# Roamio Plus TE4 and 8TB Purlple



## editklink (Apr 25, 2019)

Hello all... I own a Roamio Plus with 1TB original drive. I recently upgraded to TE4 when I had purchased a new Mini Vox - I wish I hadn't now, but I don't want to downgrade and lose all my programs.

I'd like to upgrade with a WD 8TB purple that I just purchased and preserve all my original content on the new drive. Is this possible or do by following the DIY 10TB Roamio “copy” upgrade instructions using MFSTools 3.3-devel?

I seem to have found inconclusive responses when scanning the forum for this answer. I'd really like to save my programs, so if there's any jeopardy in losing my original drive (IE placing my original drive back into my Tivo if the 8TB upgraded drive does not work properly may potentially trigger a format of that original 1TB drive) I might hold off until more reliable alternatives exist.

Thanks in advance for any advice or suggestions!


----------



## ThAbtO (Apr 6, 2000)

I think you can still download shows off the Tivo running TE4/Hydra, but you cannot copy them back. Using programs like PyTivo, KMTTG.
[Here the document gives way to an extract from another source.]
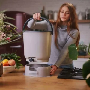 Bokashi Organko Essential er en løsning, der hjælper dig med at minimere dit køkkenaffald og give det nyt formål. Op mod 57 % af alt organisk affald ender i den blandede skraldespand, hvor det udleder store mængder drivhusgasser. Når du bruger Bokashi Organko Essential, fermenteres madresterne under lufttætte forhold, så de ikke rådner eller tiltrækker fluer. Efter blot 1-2 måneder kan du udnytte den fermenterede masse som en førsteklasses kompostbase, og den næringsrige bokashi-væske er et ekstra resultat af processen. Du kan endda reducere mængden af organisk affald med 25 %, og selve beholderen er fremstillet af 100% genbrugs plast. Bokashi Organko Essential tåler maskinopvask op til 55 °C eller i et særligt sparsomt program, så du nemt kan holde den ren.

You would need to downgrade down to 20.7+/TE3 to do the upgrade to the larger drive. You can then choose to upgrade (downgrade) to TE4 again or not. The Mini should match the version used.


----------



## editklink (Apr 25, 2019)

Thanks for the info ThAbtO.

So right now it's impossible to duplicate and expand a TE4 Roamio drive? Is there a possibility that this will be supported at some point?


----------



## jmbach (Jan 1, 2009)

editklink said:


> Thanks for the info ThAbtO.
> 
> So right now it's impossible to duplicate and expand a TE4 Roamio drive? Is there a possibility that this will be supported at some point?


Yes at this time. Once I can integrate the new modifications of MFSTools into an ISO, you should be able to. There is no guarantees that TiVo might do something to invalidate the drive.


----------